For each record, a consequent set of associated resources will be provided (distributed under LGPL-LR license): metadata (in qualified Dublin-Core and OLAC formats) with GPS coordinates allowing cartographic processing of the data; transcriptions in IPA phonetics as well as in written form using local spelling conventions (in TEI-XML P5 format) allowing to search for a particular term in the content of the videos; translation in French (and maybe English) allowing a broader access to this content for everyone without need for prior linguistics skills in such or such dialect; accompanying texts (written by historians) allowing to relocate the discourse in its historical context ; sentence-by-sentence timings segmentation (in XML format) allowing a number of applications (click on a sentence to listen this specific passage in the video, quick comparison of the pronunciation of a given sentence among several different dialects, dynamic subtitling in WebVTT format, etc.); and linguistics annotations (lemmatization and part-of-speech tagging) allowing linguists researcher to study dialectal microvariation.
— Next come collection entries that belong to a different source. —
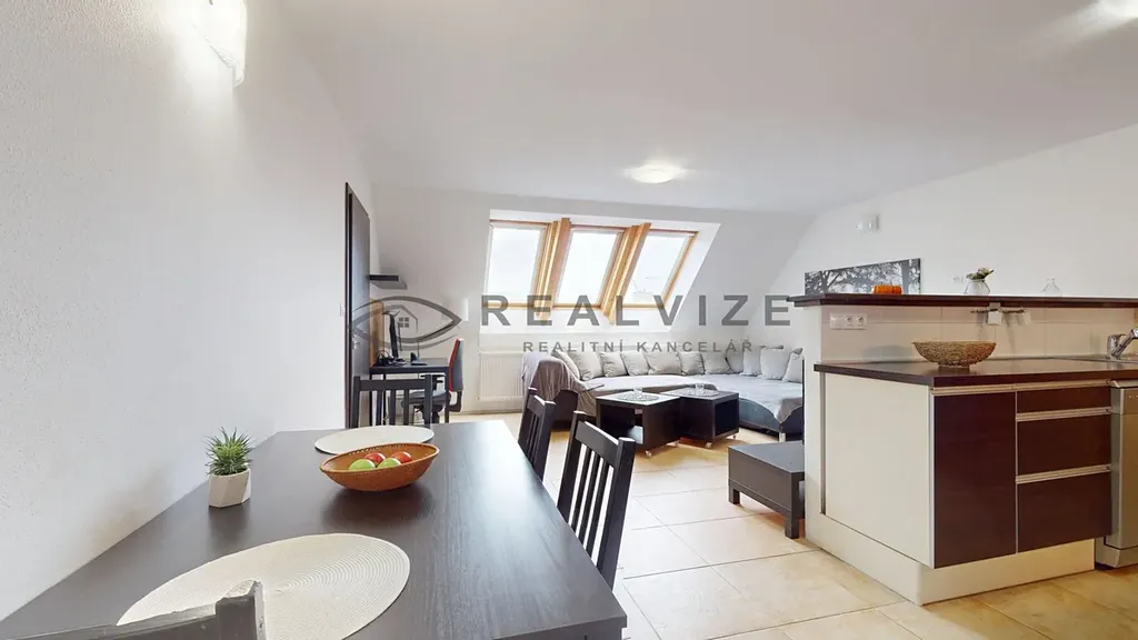 Nabízíme k prodeji velmi pěkný světlý byt 3+kk (cca 66 m2) s terasou (cca 7 m2) orientovanou do vnitrobloku s krásným výhledem na Černou věž a s parkovacím stáním v uzavřeném dvoře. Byt se nachází ve 4. patře (5) zděného bytového domu bez výtahu. Stáří bytu je cca 15 let a je ve velmi pěkném udržovaném stavu. Nabízí se s vybavením, které je vidět na fotkách, ale po dohodě s budoucím kupujícím je možné byt vyklidit. V ložnici je vestavěná prostorná skříň. Střešní okna do ulice jsou dřevěná zn. Velux, v pokoji s terasou jsou okna plastová. Koupelna disponuje rohovou vanou a sprchovým koutem, WC je samostatné. Byt je vytápěn pomocí radiátorů přes centrální plynový kotel pro celý dům, který zajišťuje rovněž ohřev vody. V koupelně je navíc podlahové topení (elektrický rošt) s vlastním ovladačem. Do budoucna se řeší možnost napojení na teplárnu. K dispozici je společný sklep a kolárna.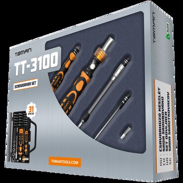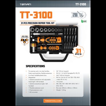 Komplet set alata TT-3100 preporučujemo za precizan rad kod kuće, u bašti ili u radionici. Kompaktan set s dobrim držanjem i fleksibilnim nastavkom, neklizavajućim odvijačima, fino obrađenim bitovima, ključevima pomoću kojih rad čini zadovoljstvo. Uređen, dobro sređen raspored u praktičnoj tvrdoj plastičnoj kutiji koja se zaključava. Žuti okvir je lako pronaći čak i pri slabom osvetljenju. Zbog svoje male veličine uklapa se u fioku , a zbog male težine (1,24 kg) možete ga poneti bilo gde sa sobom. Odličan kvalitet i dugi vek trajanja Set uključuje 1 zasebni magnetni držač bitova, 1 odvijač sa račnom i fleksibilnom glavom (levi/desni smer), 1 odvijač sa fiksnom glavom (leva/desna ruka), 1 fleksibilni nastavak, 1 fiksni nastavak, 1 AD nastavak, H4 * 45 mm dugačak bit: PH1.0 / 1,5; SL2.0; precizan set P2 / P5; T2 H6.3 * 60 mm dugačak bit: PH1 # / 2 #; SL1 # / 2 #; T20 / T25; H5.0 / H6.0; PZ1 # / # 2 1/4 adapter, M5 / M6 / M7 / M8 / M9 / M10 / M11 / M12 / M13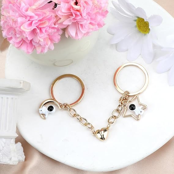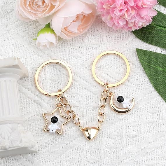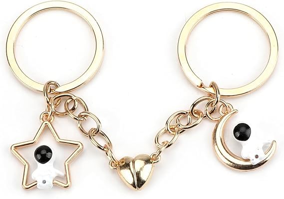 fashion mania - سلسلة مفاتيح بتصميم نجمة للازواج، مجموعة حلقات مفاتيح رائد فضاء، هدية للصديق والصديقة، سلسلة مفاتيح الحب الفضائية، مقاس واحد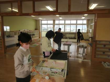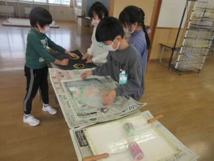 魔法の白い液体を丁寧に塗って、黒画用紙に擦りつけると、あら不思議!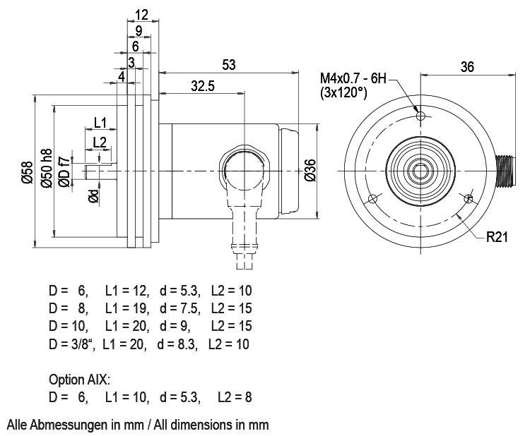 Ø 10 mm veya Ø 12 mm şaftlı döner enkoder için.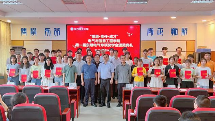 5月16日,电气学院在工科一号楼B503举行第一届“东塘电气专项奖学金”颁奖典礼。郴州市东塘电气设备有限公司总经理谭珍忠、财务总监吴忠、技术总监李阳、顾问谭利民,电气学院党委书记伍接朝、副院长唐欣出席,教师代表及本科生学生代表一同参加。颁奖典礼由电气学院党委副书记陶双主持。据悉,“东塘电气专项奖学金”由郴州市东塘电气设备有限公司出资设立,用于奖励电气学院家庭经济困难、自强不息、品学兼优的大学生和学生干...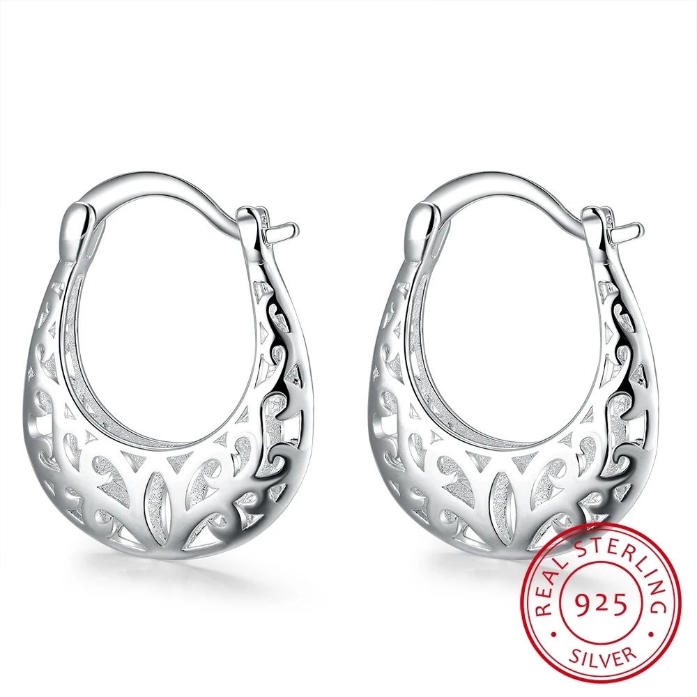 Name: Pendientes de aro de Plata de Ley 925, bolso nuevo en forma de diseño de flores, pendientes de fiesta de moda para joyería de mujer

All those videos and associated resources will be freely available on the web, and accessible through 4 different channels: long-term preservation archiving of all data on CoCoON; development of a participative web platform (in order to offer Internet users a more ergonomic and more efficient interface for consulting and cartographic processing of the data); implementation of a REST API (allowing direct requests to the database and fostering interoperability with specialized search engines such as Edisyn or the dicod’Òc / vèrb’Òc); and upload of the ethnotexts on the THESOC YouTube™ channel (records distributed under CC-BY-NC-ND license).

Following the Open Data movement, this project aims to open up those data not only to the entire scientific community, but also towards teachers and learners of regional languages, and by extension towards the general public; with a lot of possible applications: natural language processing (artificial intelligence), linguistics (lexicon, phonetics, syntax), non-verbal communication, history, sociology, ethnology…